▶ [What is needed] Every line in the data below has to be repeated exactly; no picture belongs in the result.

▶ [Data block]
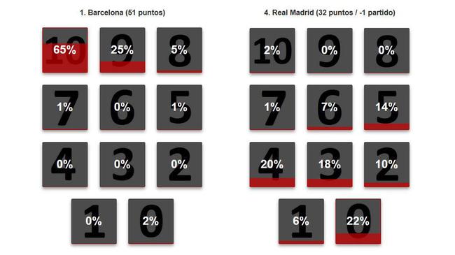 在《馬卡報》做的一系列民意調查中,球迷們?yōu)楦髦蜿牶颓騿T進行了打分和投票。結果顯示有65%的球迷認為巴薩的半程表現(xiàn)可以打滿分10分。而有22%的球迷為皇馬打的是1分的最低分。
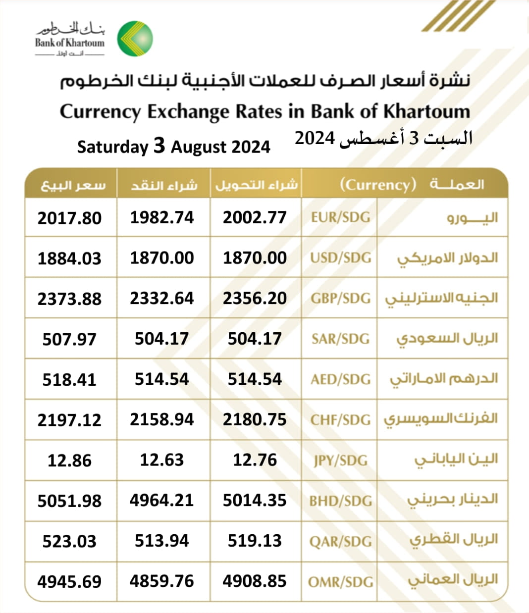 اخباراقتصاد بنك الخرطوم يعلن أسعار العملات الاجنبية مقابل الجنيه السوداني اليوم 3 اغسطس 2024م أغسطس 3, 2024 اعلن بنك الخرطوم أسعار العملات الاجنبية مقابل الجنيه السوداني اليوم 3 اغسطس 2024م أغسطس 3, 2024
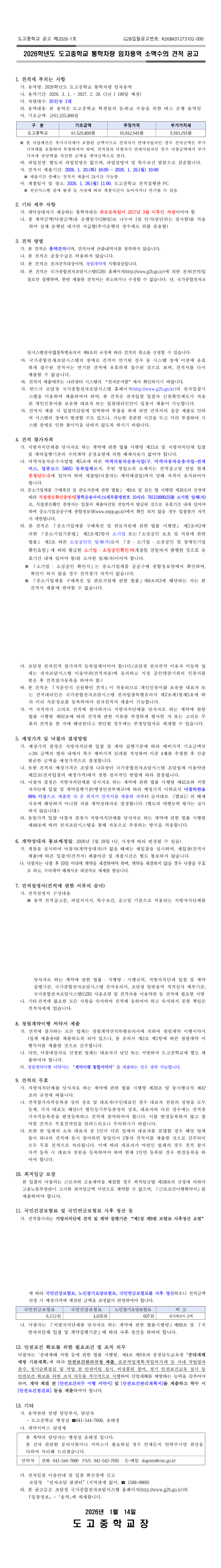 2026학년도 도고중학교 통학차량 임차용역 소액수의 견적제출 공고 |

▶ [Response to this task]
 在《馬卡報》做的一系列民意調查中,球迷們?yōu)楦髦蜿牶颓騿T進行了打分和投票。結果顯示有65%的球迷認為巴薩的半程表現(xiàn)可以打滿分10分。而有22%的球迷為皇馬打的是1分的最低分。
 اخباراقتصاد بنك الخرطوم يعلن أسعار العملات الاجنبية مقابل الجنيه السوداني اليوم 3 اغسطس 2024م أغسطس 3, 2024 اعلن بنك الخرطوم أسعار العملات الاجنبية مقابل الجنيه السوداني اليوم 3 اغسطس 2024م أغسطس 3, 2024
 2026학년도 도고중학교 통학차량 임차용역 소액수의 견적제출 공고 |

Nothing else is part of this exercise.